Простите, я отвлекся… II вы, наверное, недоумеваете: к чему, мол, рассказывает нам о баранах?!
Что ж, признаюсь перед концом: думаю, что не раз был подобен боевому барану, который не страшится разбить себе голову; да, да, не раз в своей жизни я бился, как боевой баран!
Я — сын князя Уцуми, Мирза — сын конюха, Таймаз — сын лудильщика — стали неразлучными. Впрочем, я больше привязался к Мирзе: Таймаз был занят, он помогал отцу, как говорят горцы, «затыкать не все дырки в посуде». Горбатого, но веселого Арсланбека всегда окружали влюбленные в него ребятишки и наперебой напрашивались хоть чем-нибудь помочь. Лудильщик доверял им раздувать огонь мехами, притаскивать воду, разносить по саклям луженые кастрюли, миски, тазы, кувшины… Только мне ничего не доверял, возражал: «Тебе нельзя! Разве я обжигал бы руки и лицо серной кислотой, когда был бы князем?! А впрочем, княжить не хочу: мне нравится моя работа. Моя посуда блестит, как зеркало, — пусть люди смотрятся. А ты, сынок, ручки испачкаешь; чего доброго — и кислота брызнет, оправдывайся перед князем! Пошлешь отнести посуду, а там собака вырвет зад из твоих штанов, — собака ведь не знает, что ты князь. Нет, сынок, тебе нельзя!» Ребятишки, конечно, слышали и после дразнились: «Цыц, сынок, тебе нельзя! Ведь собака не знает, что ты князь!»… Я скоро стал избегать лудильщика.

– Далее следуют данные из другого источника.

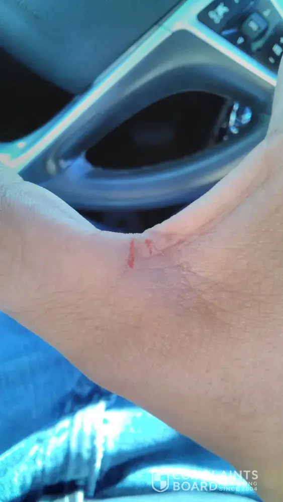 I visited your location in Georgia off hwy 124 and Ronald Reagan. I parked at the air pump and grabbed the hose and felt a very sharp pain in between my thumb and index finger felt like my my hand was stuck or bit by a huge wasp or big spider ( been stung and bit) but a little more sharp I automatically looked to see if it were a bug but there were small needle-like wires sticking out from the hose where I believe there used to be rubber. My hand started to bleed I know first aid so I controlled the bleeding and went inside to wash my hands and fixed a fountain drink and I let the cashier know about the wires and advised to post something so nobody else would get hurt. I attached pic the day after.
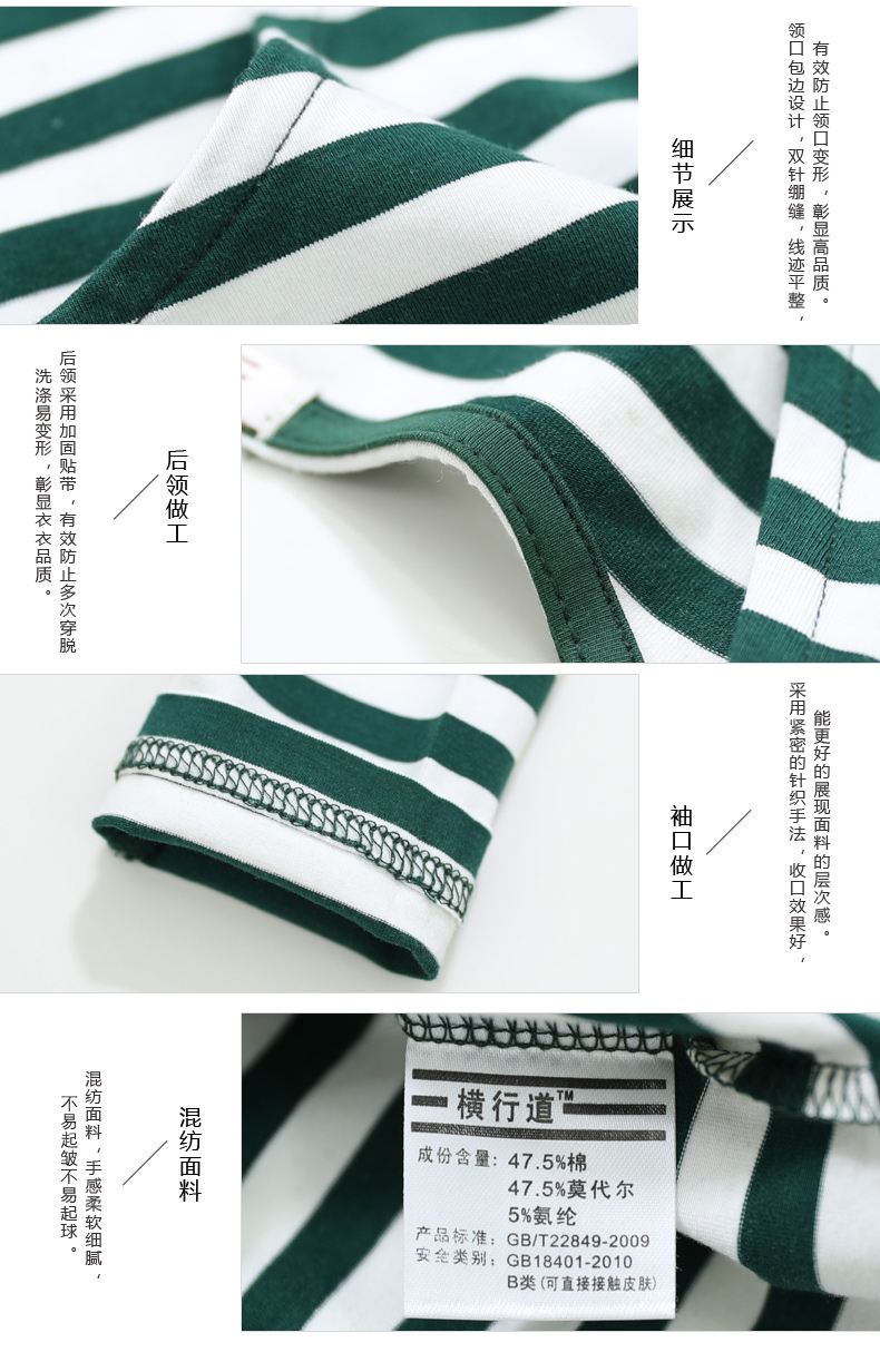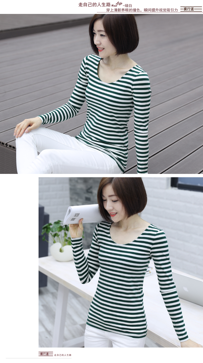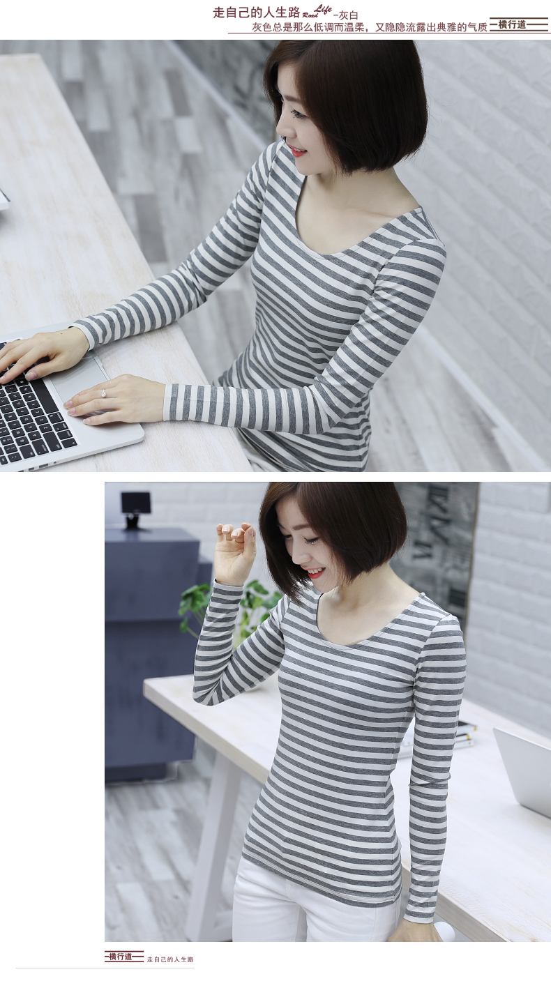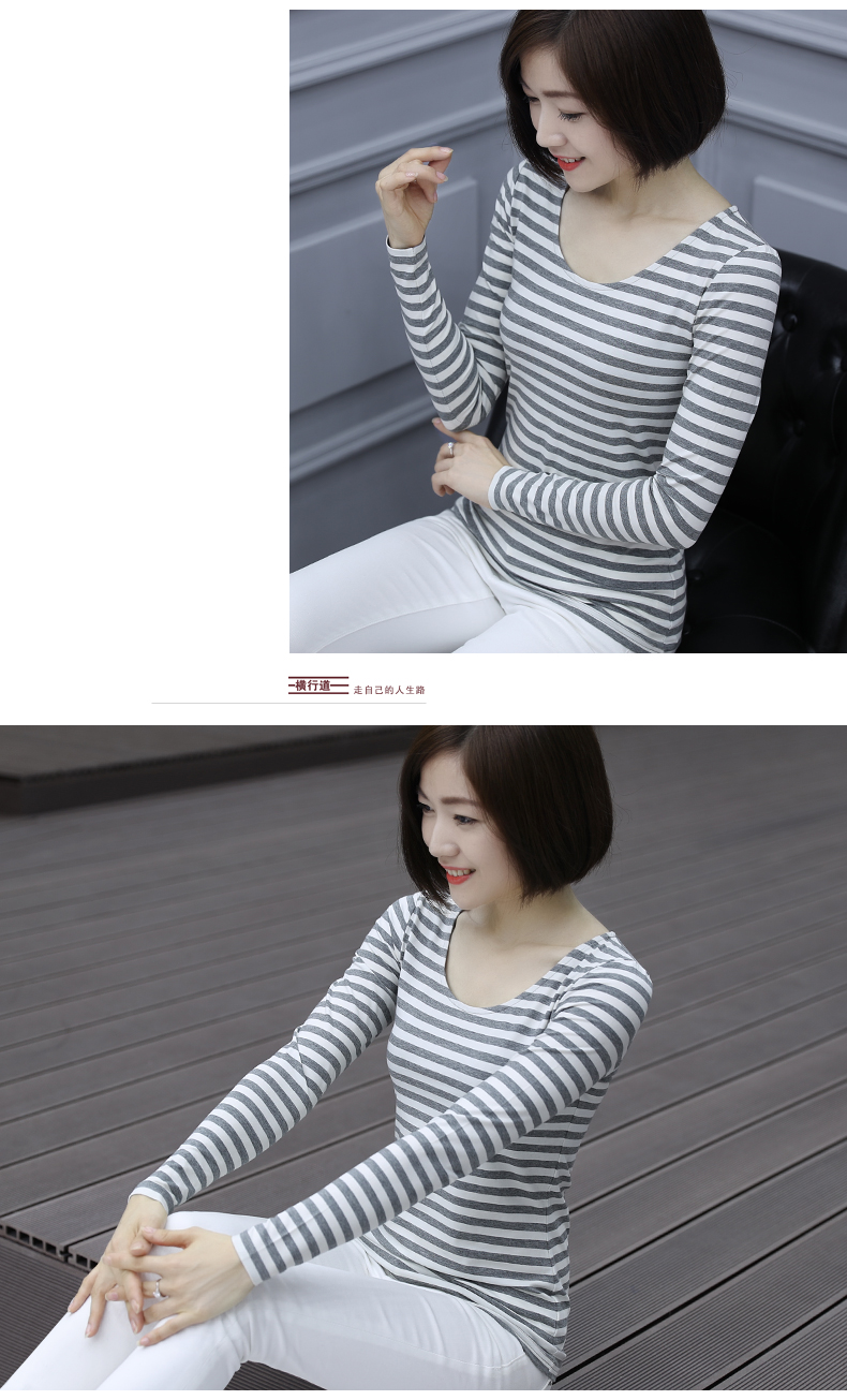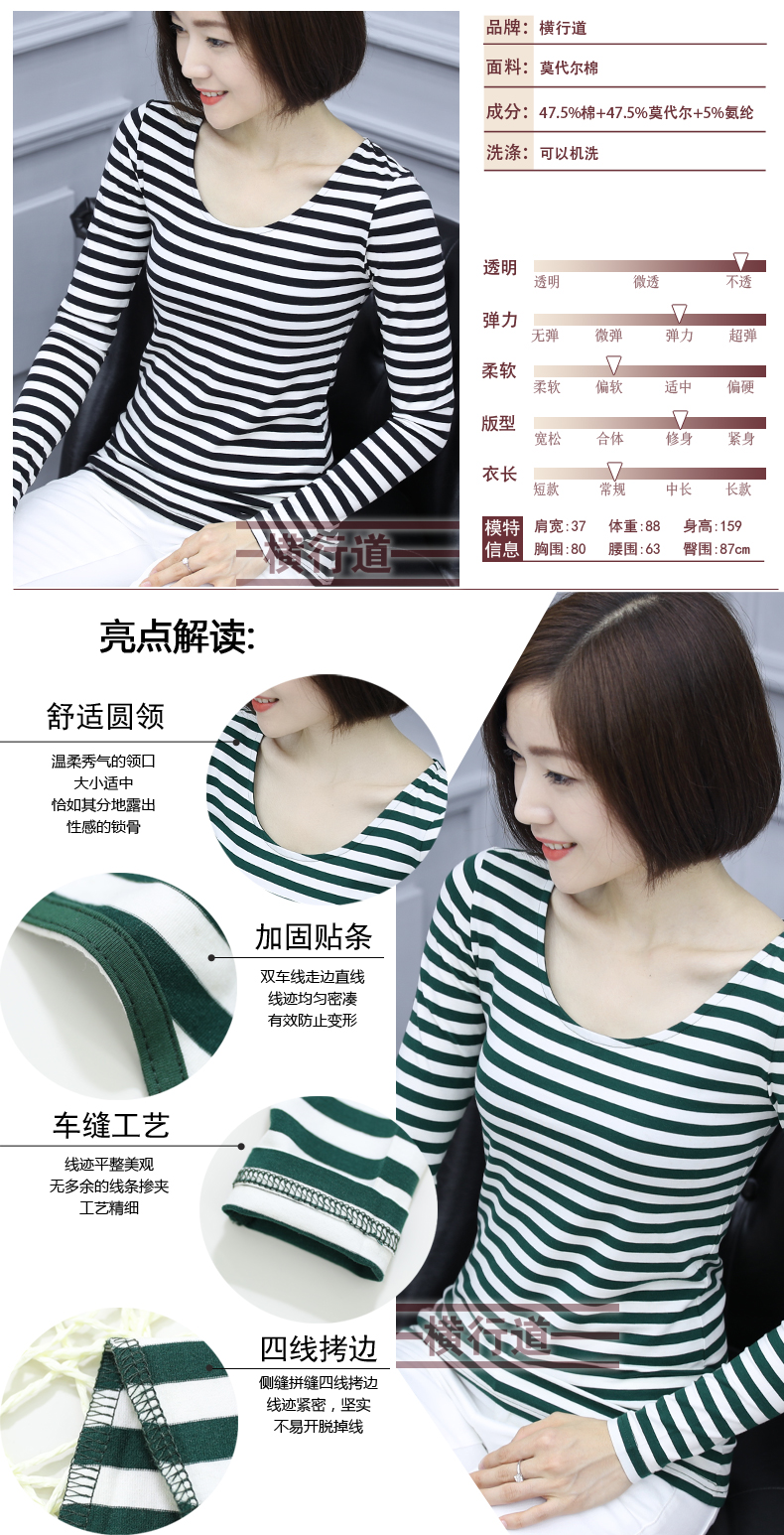 2019秋裝大碼女裝修身韓版圓領黑白條紋長袖女體恤圓領打底衫T恤1入

Мои родители не препятствовали дружбе с Мирзой и Таймазом, и я допоздна пропадал с ними, чему очень завидовала Хадижа: ее даже в сад не пускали без няньки. А я завидовал Хадиже: прямо на глазах она взрослела, а я, казалось, не менялся, не рос.
Правду сказать, Таймазу и Мирзе не раз доставалось от ребят за дружбу со мной. Особенно издевался Хамадар. Как-то, помню, Мирза перестал приходить; я отправился разыскивать: во дворе он помогал отцу подковывать жеребца.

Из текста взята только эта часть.